Advertisement

Huge Salaries, Huge Hopes, Long Odds

Share
TIMES STAFF WRITER

Every time an NBA star signed another impossibly huge contract this week, Dave Koch’s job got tougher.

Koch directs 400 teenage athletes at USC’s National Youth Sports Program, trying to instill not only athletic skill but also an appreciation of discipline, long-term planning and the need for education. You can’t rely on the slim chance of a big pro contract, he tells them.

Then came the wave of unprecedented pro basketball contracts, so fast that it was hard for the boys to keep the names straight, hard for them to conceptualize the dollars: seven years, $56 million; five years, $50 million; seven years, $98 million. By the time Shaquille O’Neal signed with the Lakers for $120 million for seven years Thursday, almost a billion dollars in free-agent money had been thrown around the NBA.

Advertisement

And Dave Koch’s athletes, youngsters whose bodies have yet to catch up with the size of their feet, fantasized yet more about getting their share, getting it fast, getting it all in one shot.

“I’m a baller,” insisted David Santana, 13, stretching to show his full 5-foot, 11 1/2-inch frame and size 13 shoes. “I want to be a professional ballplayer too. I can do it.”
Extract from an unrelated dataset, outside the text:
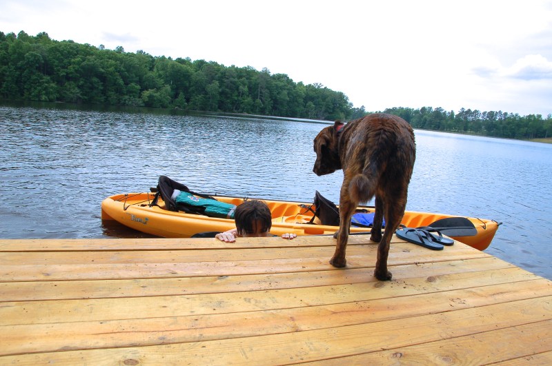Waffles, ready to help the boys back onto the dock

O’Neal will make about 500 times as much as a Los Angeles public school teacher. What coaches like Koch tell kids like David is that the odds of emulating the lowest-paid pro, let alone Shaq, are overwhelmingly long. First, David will have to make his high school team. That will cut the chances of making the NBA down to about 10,000 to 1.

“Kids read about these one-in-a-million athletes getting mega-million-dollar salaries, and it’s hard to convince them that it’s all right to be one of the other 999,999 individuals working hard to make a decent living,” Koch said.

Word of O’Neal’s deal zipped through the USC camp as the teenagers moved through their organized schedule, from basketball and swimming to discussions about first aid and AIDS. They tried to imagine the sheer size of the contract.

“Los Angeles is going to have the best basketball team,” said Shangameir Sutton, 15. Yes, he admitted, he too has a secret desire to be a pro. “They wouldn’t have to pay that much for me.”

Advertisement

Alan Hatcher, 13, has the same dream, but recognizes that education comes first. “You need the experience of college,” said Alan, who plans to be a pediatrician. Fourteen-year-old Ronald Pennington, who is a head taller than Alan and constantly told he is an NBA natural, also demurs. “I’m not good at it,” he said shyly. He thinks he’ll be a veterinarian.

Hours later, a few miles away at a midnight basketball league game at Harvard Recreation Center in South-Central Los Angeles, the unfathomable millions were again the topic among basketball junkies. Only here the players were older, 17 to 34, chastened by life, aware their glory days were over, playing for fun.

Here there was a realization that the boys at USC had yet to grasp: Somebody was going to have to pay the bill for Shaq’s payday, and that somebody was the loyalists. The Lakers had already announced that the cheapest ticket at the Forum would rise to $21 from $9.50.

“That makes it impossible for many families to go see a game,” said Marlan Morton, 35, a former member of the Harlem Globetrotters who was playing in the night game. Still, he acknowledged, “This is business.”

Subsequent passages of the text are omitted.